## TASK ITEM
Omit the pictures and output every entry below exactly as written.

Items listed in a dataset:
────────

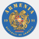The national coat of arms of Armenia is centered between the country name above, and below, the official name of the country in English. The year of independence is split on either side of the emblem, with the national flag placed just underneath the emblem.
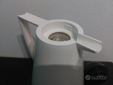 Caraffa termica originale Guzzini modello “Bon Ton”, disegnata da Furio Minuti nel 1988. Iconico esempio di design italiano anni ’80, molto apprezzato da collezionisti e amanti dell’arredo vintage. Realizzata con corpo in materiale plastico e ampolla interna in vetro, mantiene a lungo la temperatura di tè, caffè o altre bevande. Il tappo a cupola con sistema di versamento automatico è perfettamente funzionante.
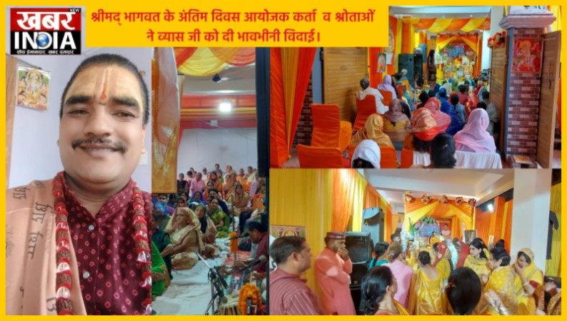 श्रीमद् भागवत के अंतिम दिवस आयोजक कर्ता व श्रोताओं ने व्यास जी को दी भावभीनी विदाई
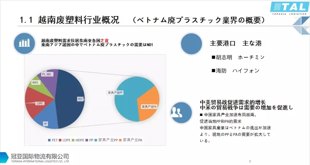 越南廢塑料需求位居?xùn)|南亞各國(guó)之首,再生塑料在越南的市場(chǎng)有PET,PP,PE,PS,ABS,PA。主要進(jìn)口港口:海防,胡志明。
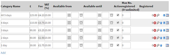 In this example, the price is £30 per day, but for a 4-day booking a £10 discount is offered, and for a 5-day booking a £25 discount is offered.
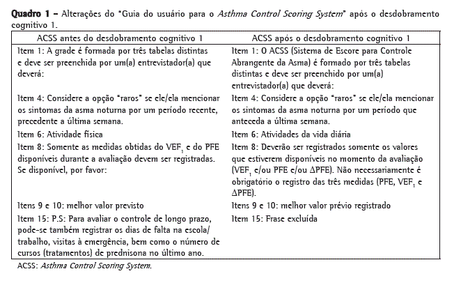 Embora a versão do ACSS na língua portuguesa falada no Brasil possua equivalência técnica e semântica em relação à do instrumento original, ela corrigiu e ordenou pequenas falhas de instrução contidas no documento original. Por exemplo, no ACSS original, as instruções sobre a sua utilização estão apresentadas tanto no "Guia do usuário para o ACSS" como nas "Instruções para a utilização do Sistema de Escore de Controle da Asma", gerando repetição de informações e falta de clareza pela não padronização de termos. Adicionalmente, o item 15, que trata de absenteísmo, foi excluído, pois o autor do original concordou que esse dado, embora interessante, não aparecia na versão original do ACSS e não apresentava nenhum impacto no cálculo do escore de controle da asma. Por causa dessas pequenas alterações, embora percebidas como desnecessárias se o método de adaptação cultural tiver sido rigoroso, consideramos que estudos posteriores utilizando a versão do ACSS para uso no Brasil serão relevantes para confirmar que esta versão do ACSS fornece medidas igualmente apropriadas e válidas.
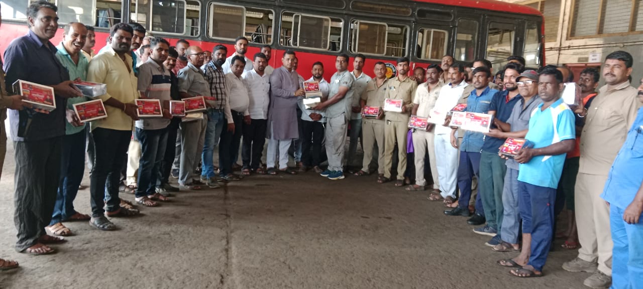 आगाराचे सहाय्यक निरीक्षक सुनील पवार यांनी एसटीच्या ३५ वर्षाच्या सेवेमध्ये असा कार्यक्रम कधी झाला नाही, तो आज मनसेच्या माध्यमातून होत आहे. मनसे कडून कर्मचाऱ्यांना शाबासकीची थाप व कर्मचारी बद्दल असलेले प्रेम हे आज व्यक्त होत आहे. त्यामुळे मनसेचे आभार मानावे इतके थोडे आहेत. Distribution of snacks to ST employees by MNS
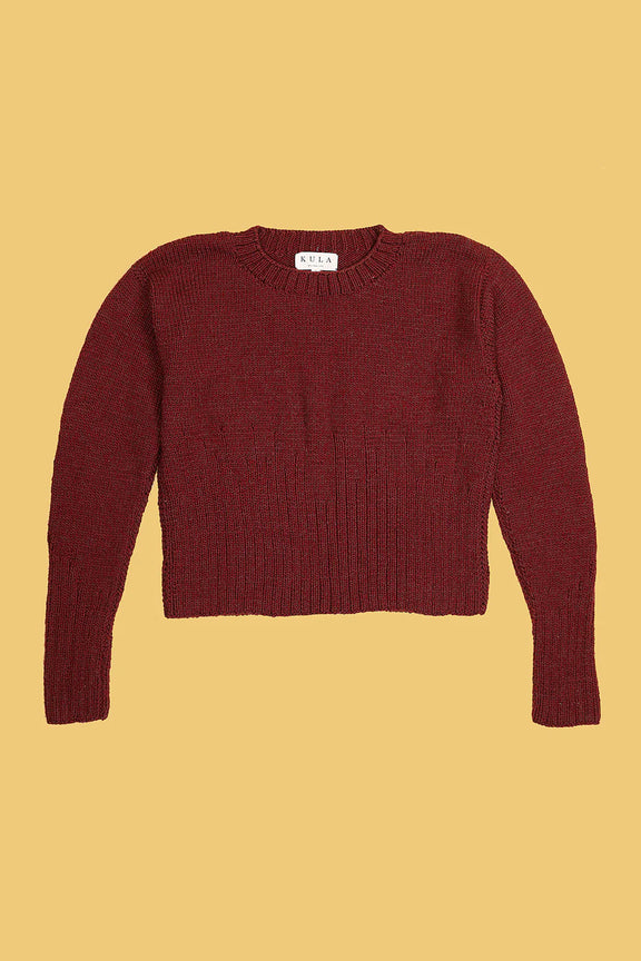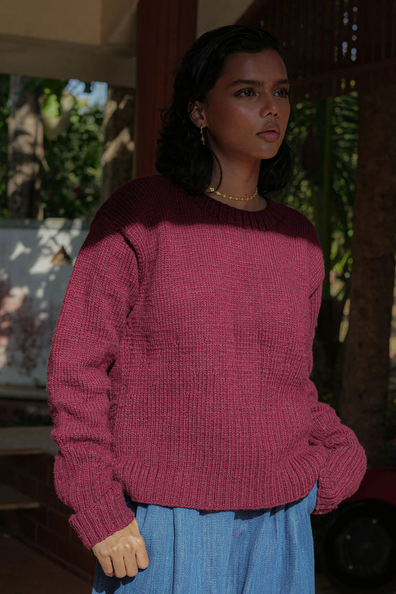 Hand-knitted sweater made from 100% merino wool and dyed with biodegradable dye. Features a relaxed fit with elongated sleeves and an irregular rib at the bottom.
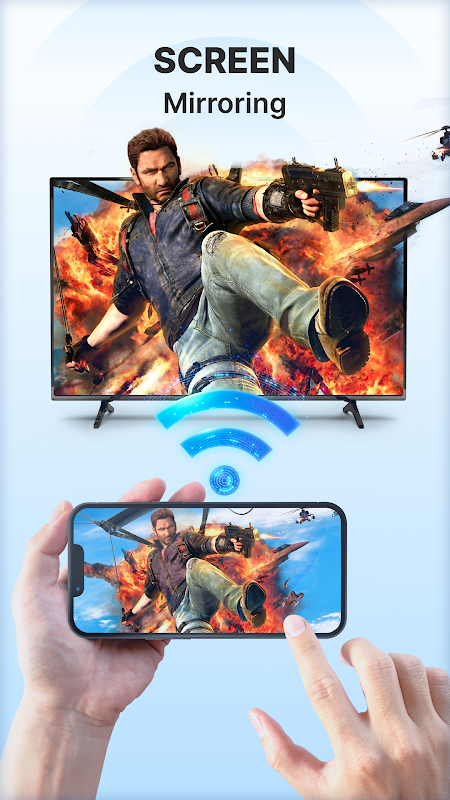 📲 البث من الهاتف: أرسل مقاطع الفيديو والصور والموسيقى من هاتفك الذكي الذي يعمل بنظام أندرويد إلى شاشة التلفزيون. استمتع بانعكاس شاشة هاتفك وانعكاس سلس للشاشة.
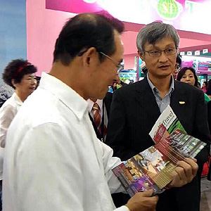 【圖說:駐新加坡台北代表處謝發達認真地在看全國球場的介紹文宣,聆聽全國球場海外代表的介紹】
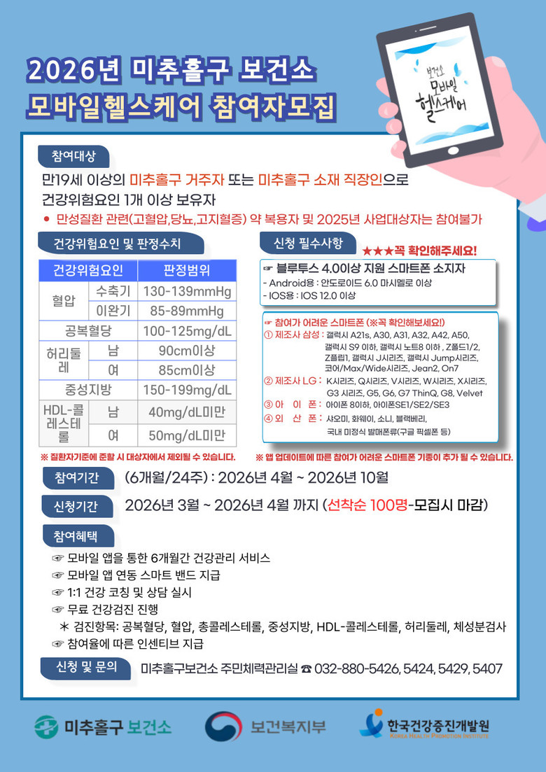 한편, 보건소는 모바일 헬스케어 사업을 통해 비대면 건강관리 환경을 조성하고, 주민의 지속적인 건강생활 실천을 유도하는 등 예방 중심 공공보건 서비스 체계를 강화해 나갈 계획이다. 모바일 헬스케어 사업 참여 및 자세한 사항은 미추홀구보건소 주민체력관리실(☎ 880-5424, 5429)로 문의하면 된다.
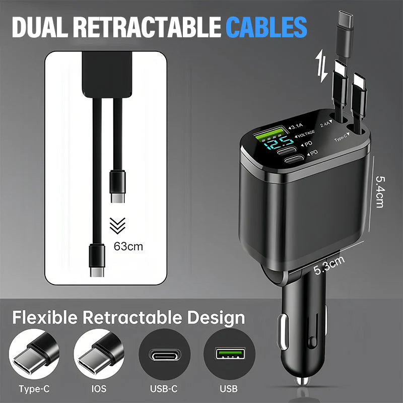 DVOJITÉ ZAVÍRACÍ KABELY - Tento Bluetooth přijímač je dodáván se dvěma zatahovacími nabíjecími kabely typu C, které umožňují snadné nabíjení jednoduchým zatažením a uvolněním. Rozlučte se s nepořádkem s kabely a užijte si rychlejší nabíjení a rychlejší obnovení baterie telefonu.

────────

## RESPONSE FOR THIS EXERCISE
The national coat of arms of Armenia is centered between the country name above, and below, the official name of the country in English. The year of independence is split on either side of the emblem, with the national flag placed just underneath the emblem.
 Caraffa termica originale Guzzini modello “Bon Ton”, disegnata da Furio Minuti nel 1988. Iconico esempio di design italiano anni ’80, molto apprezzato da collezionisti e amanti dell’arredo vintage. Realizzata con corpo in materiale plastico e ampolla interna in vetro, mantiene a lungo la temperatura di tè, caffè o altre bevande. Il tappo a cupola con sistema di versamento automatico è perfettamente funzionante.
 श्रीमद् भागवत के अंतिम दिवस आयोजक कर्ता व श्रोताओं ने व्यास जी को दी भावभीनी विदाई
 越南廢塑料需求位居?xùn)|南亞各國(guó)之首,再生塑料在越南的市場(chǎng)有PET,PP,PE,PS,ABS,PA。主要進(jìn)口港口:海防,胡志明。
 In this example, the price is £30 per day, but for a 4-day booking a £10 discount is offered, and for a 5-day booking a £25 discount is offered.
 Embora a versão do ACSS na língua portuguesa falada no Brasil possua equivalência técnica e semântica em relação à do instrumento original, ela corrigiu e ordenou pequenas falhas de instrução contidas no documento original. Por exemplo, no ACSS original, as instruções sobre a sua utilização estão apresentadas tanto no "Guia do usuário para o ACSS" como nas "Instruções para a utilização do Sistema de Escore de Controle da Asma", gerando repetição de informações e falta de clareza pela não padronização de termos. Adicionalmente, o item 15, que trata de absenteísmo, foi excluído, pois o autor do original concordou que esse dado, embora interessante, não aparecia na versão original do ACSS e não apresentava nenhum impacto no cálculo do escore de controle da asma. Por causa dessas pequenas alterações, embora percebidas como desnecessárias se o método de adaptação cultural tiver sido rigoroso, consideramos que estudos posteriores utilizando a versão do ACSS para uso no Brasil serão relevantes para confirmar que esta versão do ACSS fornece medidas igualmente apropriadas e válidas.
 आगाराचे सहाय्यक निरीक्षक सुनील पवार यांनी एसटीच्या ३५ वर्षाच्या सेवेमध्ये असा कार्यक्रम कधी झाला नाही, तो आज मनसेच्या माध्यमातून होत आहे. मनसे कडून कर्मचाऱ्यांना शाबासकीची थाप व कर्मचारी बद्दल असलेले प्रेम हे आज व्यक्त होत आहे. त्यामुळे मनसेचे आभार मानावे इतके थोडे आहेत. Distribution of snacks to ST employees by MNS
 Hand-knitted sweater made from 100% merino wool and dyed with biodegradable dye. Features a relaxed fit with elongated sleeves and an irregular rib at the bottom.
 📲 البث من الهاتف: أرسل مقاطع الفيديو والصور والموسيقى من هاتفك الذكي الذي يعمل بنظام أندرويد إلى شاشة التلفزيون. استمتع بانعكاس شاشة هاتفك وانعكاس سلس للشاشة.
 【圖說:駐新加坡台北代表處謝發達認真地在看全國球場的介紹文宣,聆聽全國球場海外代表的介紹】
 한편, 보건소는 모바일 헬스케어 사업을 통해 비대면 건강관리 환경을 조성하고, 주민의 지속적인 건강생활 실천을 유도하는 등 예방 중심 공공보건 서비스 체계를 강화해 나갈 계획이다. 모바일 헬스케어 사업 참여 및 자세한 사항은 미추홀구보건소 주민체력관리실(☎ 880-5424, 5429)로 문의하면 된다.
 DVOJITÉ ZAVÍRACÍ KABELY - Tento Bluetooth přijímač je dodáván se dvěma zatahovacími nabíjecími kabely typu C, které umožňují snadné nabíjení jednoduchým zatažením a uvolněním. Rozlučte se s nepořádkem s kabely a užijte si rychlejší nabíjení a rychlejší obnovení baterie telefonu.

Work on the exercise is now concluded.